By Lucas Mearian, Computerworld (US) | Aug 7, 2012
The company's new Fusion ION acceleration software runs on tier 1 servers that contain Fusion-io's ioDrive modules, allowing them to act as primary data storage targets -- essentially, flash appliances.
Currently, Fusion-io's ioDrive modules act as internal storage capacity for the servers in order to speed up performance compared to what hard disk drives would offer.
Fusion-io's ioDrive PCIe cards come in ioMemory modules (essentially DIMMS) that hold up to 10TB of data in a 1U (1.75-in. high) form factor. The ioDrive modules also come with either lower-performing, lower-cost multi-level cell (MLC) NAND flash or higher-end, single-level cell (SLC) NAND flash.

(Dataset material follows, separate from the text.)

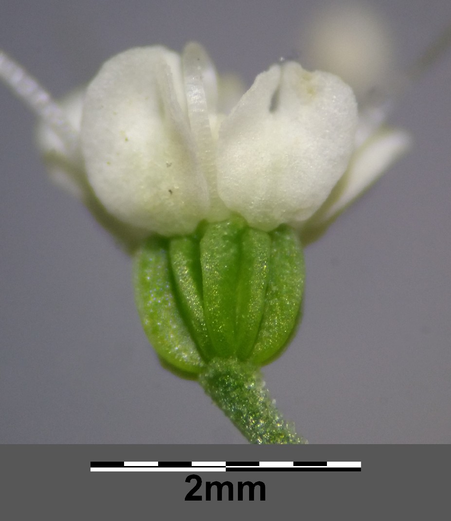 Kronblätter weiß, Griffel 1 - 1,5 mm lang, spreizend, länger als das Griffelpolster
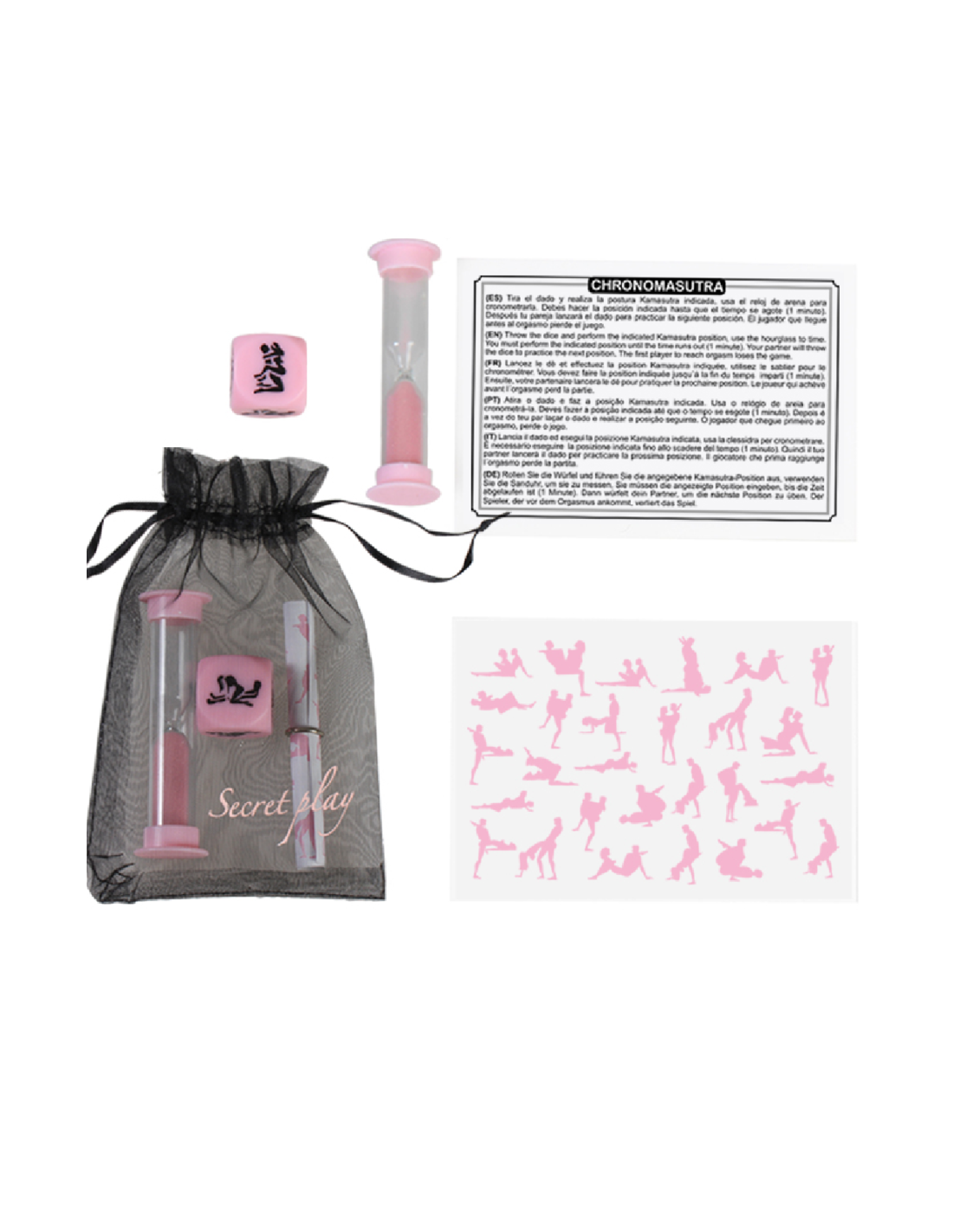 Throw the dice and perform the indicated posture, use the hourglass to time, you must perform the indicated posture until time runs out (1 minute), your partner will roll the dice to practice the next position.

According to David Flynn, co-founder and CEO of Fusion-io, a 1U server using the software can deliver more than one million I/Os per second (IOPS), up to 6GBs throughput and under .06 milliseconds of access latency. "The implication of this is huge," he said. "With just software you can have off-the-shelf servers behave as network storage servers and offering open platforms to customer."
Fusion-io claims its software, working in conjunction with its ioDrive memory modules, can boost application performance from 2X to 25X due to the use of NAND flash versus hard disk drives within the servers.
For example, Fusion-io claims its ION software was tested by "a leading global media and entertainment" company to accelerate a number of key applications, achieving a 25x improvement in SQL Server performance, an 8x improvement in transcoding performance and up to 40x acceleration improvements on a variety of other applications.
"Software-defined solutions are rapidly replacing specialized hardware throughout the datacenter, and Fusion-io has been at the forefront of this transition since our founding," Flynn said. "ION software combines customers' preferred server platforms and ioMemory to deliver greater performance than even dedicated flash appliances, while also improving the efficiency of high performance storage arrays."